On September 2, David Baris, President of the American Association of Bank Directors (AABD) and a Partner at BuckleySandler LLP, and Richard Whiting, Executive Director of the AABD, submitted a comment letter to  the Nation’s federal bank regulatory agencies in connection with the OCC, the Board of Governors of the Federal Reserve System, and the FDIC’s (the Agencies) request for public comment on their review of “regulations to identify outdated, unnecessary or unduly burdensome regulations for insured depository institutions.” In 2006, the Agencies completed a similar review and the AABD determined it was an “unsatisfactory and flawed process,” and wants to ensure that the same mistakes are not made during this review. Specifically, the AABD urged that during this review, the Agencies should “review regulatory guidance in light of the practical effect of such guidance on the behavior of both bank board of directors and the Agencies.” On behalf of the AABD, Baris stated in a press release that the current laws, regulations and guidance “create a huge and counterproductive impact on bank directors that causes them to divert their attention away from the essential job of being a bank director – that is meeting their duty of care and loyalty by overseeing the institution.”  In an effort to address the effects of the “current regulatory system on the Nation’s bank board of directors,” the AABD’s letter included the following recommendations to the Agencies: (i) review current regulations and written guidance to determine their effect on bank directors; (ii) incorporate into their current procedures a requirement that “future regulatory actions consider the impact of proposed rules and guidance on bank directors and not add new burdens unless the benefits of the proposed action clearly outweighs the burdens place[d] on bank directors”; (iii) identify, consolidate, and clarify the provisions that place burdens on bank directors; and (iv) implement rules that allow the board of directors to “delegate management duties to management and rely reasonably on management.”


Comptroller Curry Addresses Senior Management’s AML Compliance Responsibilities, Criticizes “De-Risking”

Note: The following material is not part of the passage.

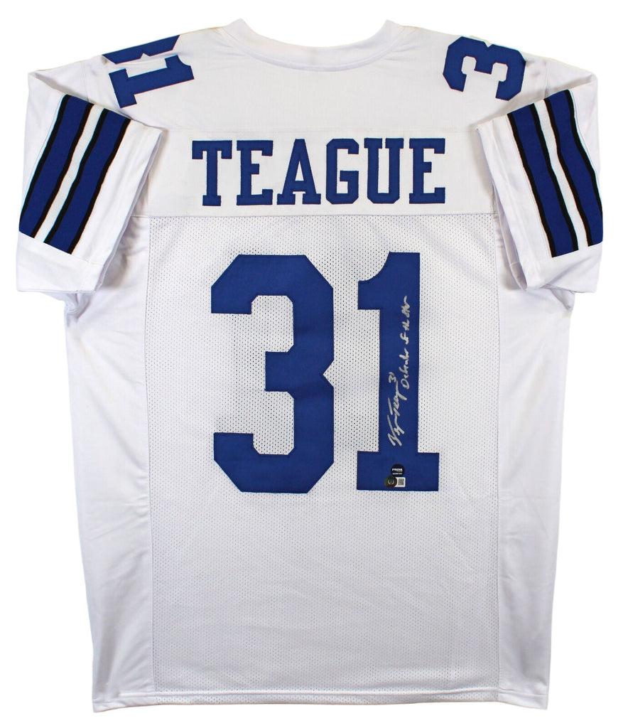 This Autographed White Pro Style Jersey with the inscription of "Defend The Star" has been Personally Signed by George Teague of the Dallas Cowboys. This item is 100% Authentic to include a hologram by Beckett Authentication Services. This item will come with an affixed Beckett Authentication Services (BAS) authentication sticker, which includes a scannable QR code to verify authenticity. Please note that Beckett no longer provides serial-numbered COA cards, and the attached BAS sticker will serve as the complete authentication for this item. This is a BAS Witnessed Protection Program item which means a Beckett Authentication Service representative was present when this item was being signed. We conducted an autograph signing with George Teague where multiples of the same item were signed. While the photographs are representative of this item, the size, placement and strength of the signature may vary. Each item is hand signed, therefore, each autograph is unique. This item can be verified through BAS Witnessed. This is a X-Large sized, non-branded, custom-stitched Jersey.
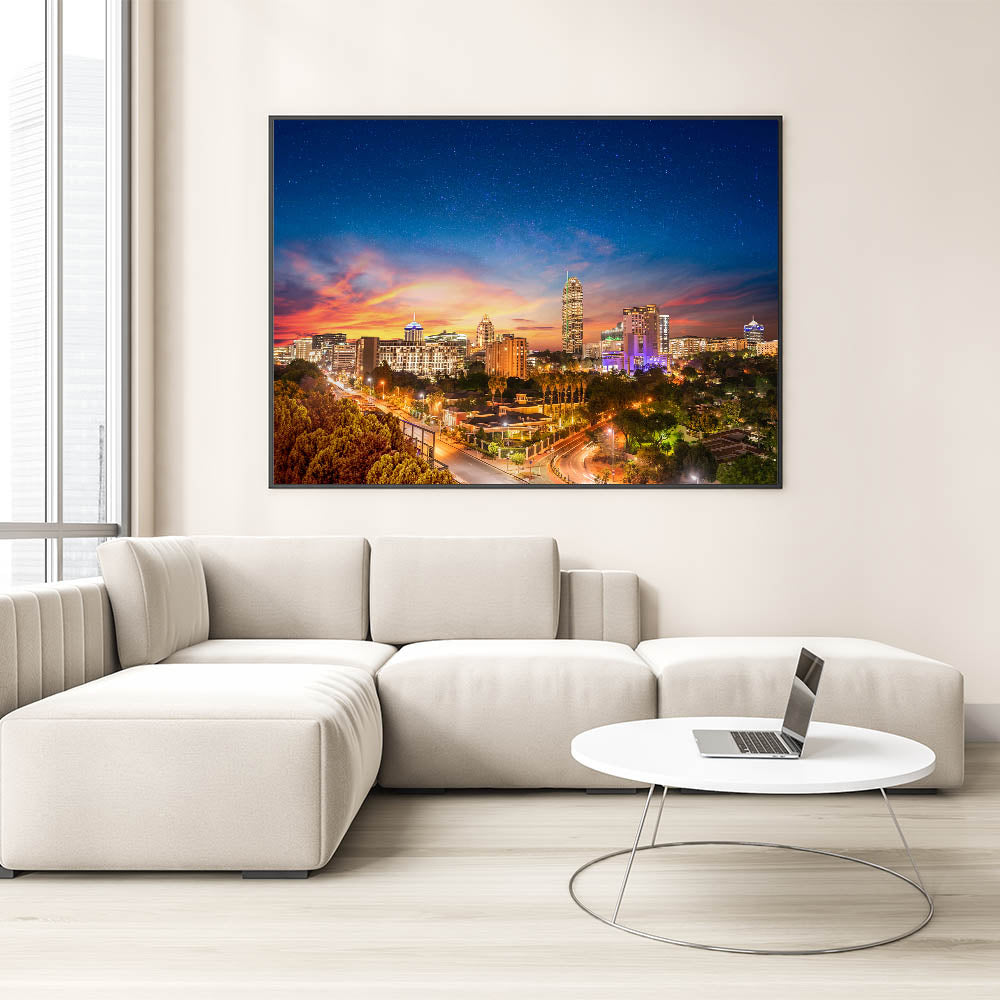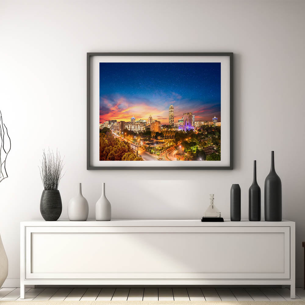 • Showcases the iconic skyline of Johannesburg at sunset, making it a perfect piece for city lovers.

On March 17, Comptroller of the Currency Thomas Curry reaffirmed his agency’s views with regard to BSA/AML compliance and the responsibilities of senior bank managers and boards of directors. Mr. Curry asserted that BSA infractions “can almost always be traced back to decisions and actions of the institution’s Board and senior management” and that the deficiencies underlying those infractions tend to involve failures in four areas: (i) the culture of compliance at the organization; (ii) the resources committed to BSA compliance; (iii) the strength of information technology and monitoring process; and (iv) the quality of risk management. Mr. Curry reported a recent positive trend, particularly at OCC-regulated large banks, which have increased spending and added BSA/AML compliance staff. He stated that such actions are one aspect of banks’ efforts to align “good compliance practices and the bank’s system of compensation and incentives.” The Comptroller criticized a separate trend of “de-risking”, in which banks avoid or end relationships with types of businesses deemed too risky. He warned that any business can be used for illicit purposes and “de-risking” is not a shortcut to circumvent a bank’s obligation to evaluate risk on an individual basis. He encouraged banks not to avoid high-risk businesses, but rather to apply stronger risk management and controls as necessary.